▼▼▼
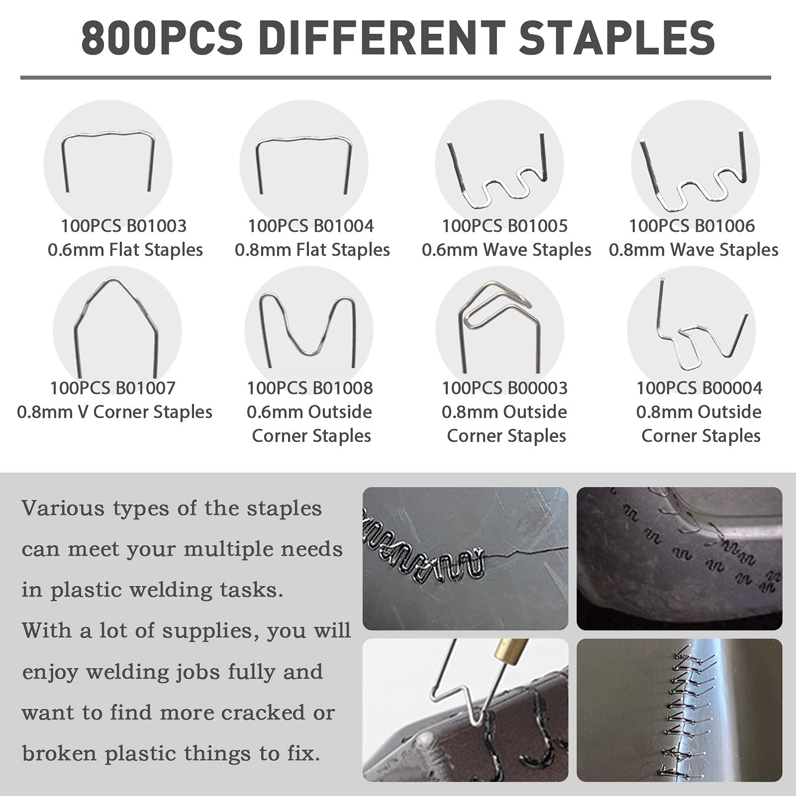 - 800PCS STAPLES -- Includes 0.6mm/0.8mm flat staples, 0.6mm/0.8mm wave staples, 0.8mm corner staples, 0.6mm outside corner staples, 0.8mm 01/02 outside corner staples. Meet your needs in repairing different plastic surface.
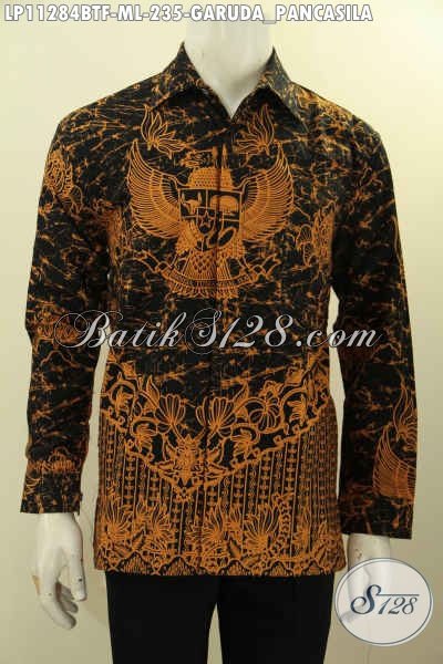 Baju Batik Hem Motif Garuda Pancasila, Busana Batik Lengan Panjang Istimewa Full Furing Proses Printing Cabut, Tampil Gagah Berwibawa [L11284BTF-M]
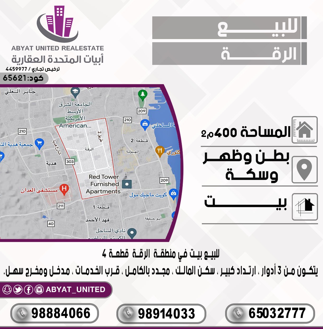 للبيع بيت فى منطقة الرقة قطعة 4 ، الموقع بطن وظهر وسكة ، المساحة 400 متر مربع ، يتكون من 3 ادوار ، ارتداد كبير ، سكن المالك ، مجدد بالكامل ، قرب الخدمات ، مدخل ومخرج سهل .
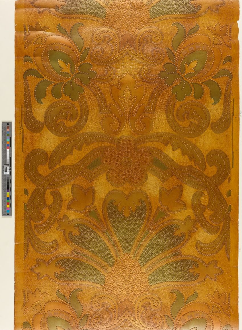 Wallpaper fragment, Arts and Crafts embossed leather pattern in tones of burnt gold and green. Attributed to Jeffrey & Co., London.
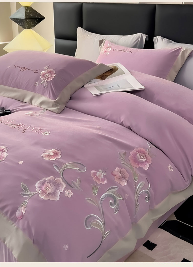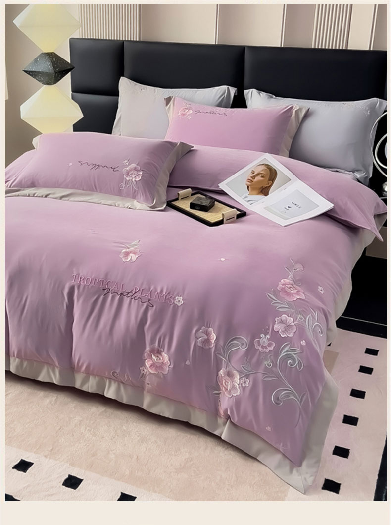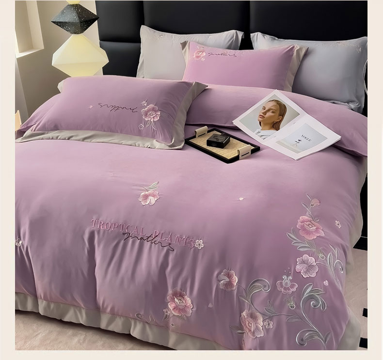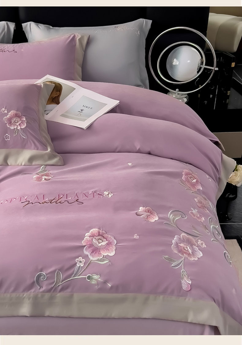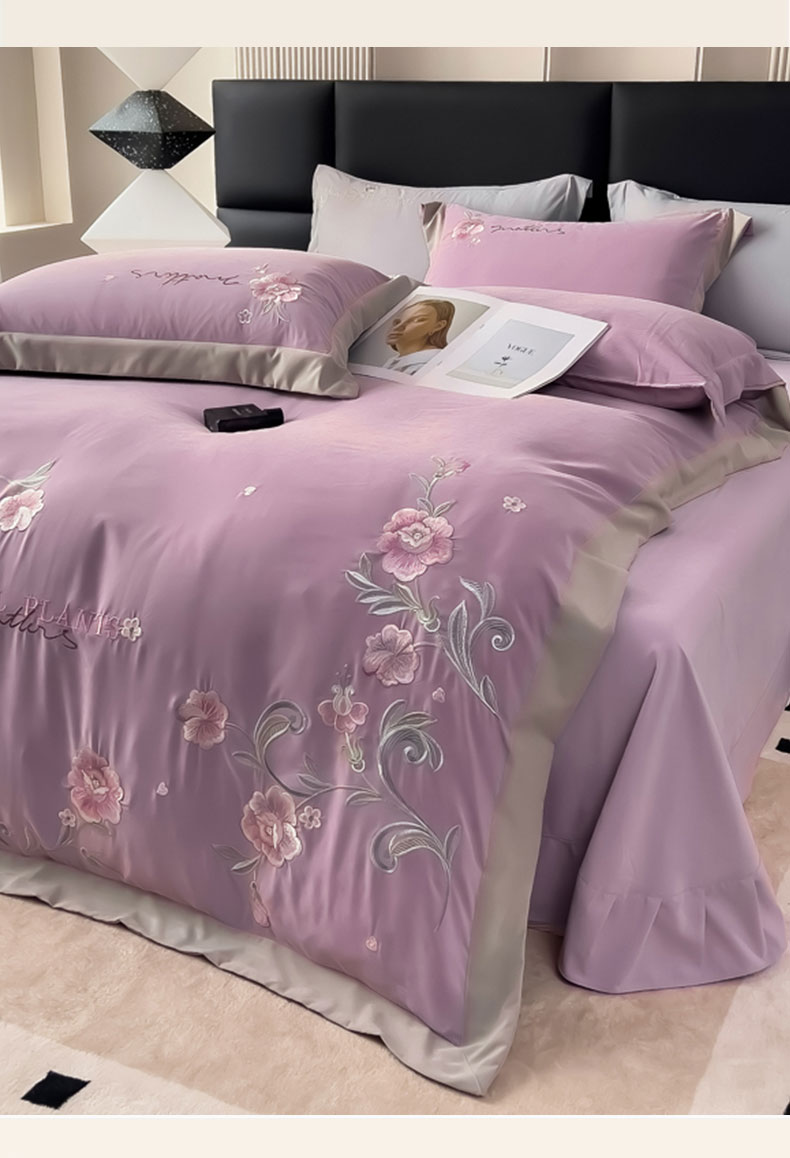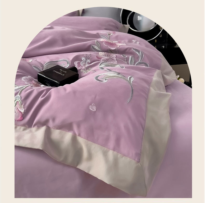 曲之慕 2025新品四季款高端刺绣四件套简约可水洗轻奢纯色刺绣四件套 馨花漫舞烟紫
▲▲▲
> [TASK DIRECTIONS]: Give the records above again in full and exactly, but exclude every picture.

> [YOUR RESPONSE]:
 - 800PCS STAPLES -- Includes 0.6mm/0.8mm flat staples, 0.6mm/0.8mm wave staples, 0.8mm corner staples, 0.6mm outside corner staples, 0.8mm 01/02 outside corner staples. Meet your needs in repairing different plastic surface.
 Baju Batik Hem Motif Garuda Pancasila, Busana Batik Lengan Panjang Istimewa Full Furing Proses Printing Cabut, Tampil Gagah Berwibawa [L11284BTF-M]
 للبيع بيت فى منطقة الرقة قطعة 4 ، الموقع بطن وظهر وسكة ، المساحة 400 متر مربع ، يتكون من 3 ادوار ، ارتداد كبير ، سكن المالك ، مجدد بالكامل ، قرب الخدمات ، مدخل ومخرج سهل .
 Wallpaper fragment, Arts and Crafts embossed leather pattern in tones of burnt gold and green. Attributed to Jeffrey & Co., London.
 曲之慕 2025新品四季款高端刺绣四件套简约可水洗轻奢纯色刺绣四件套 馨花漫舞烟紫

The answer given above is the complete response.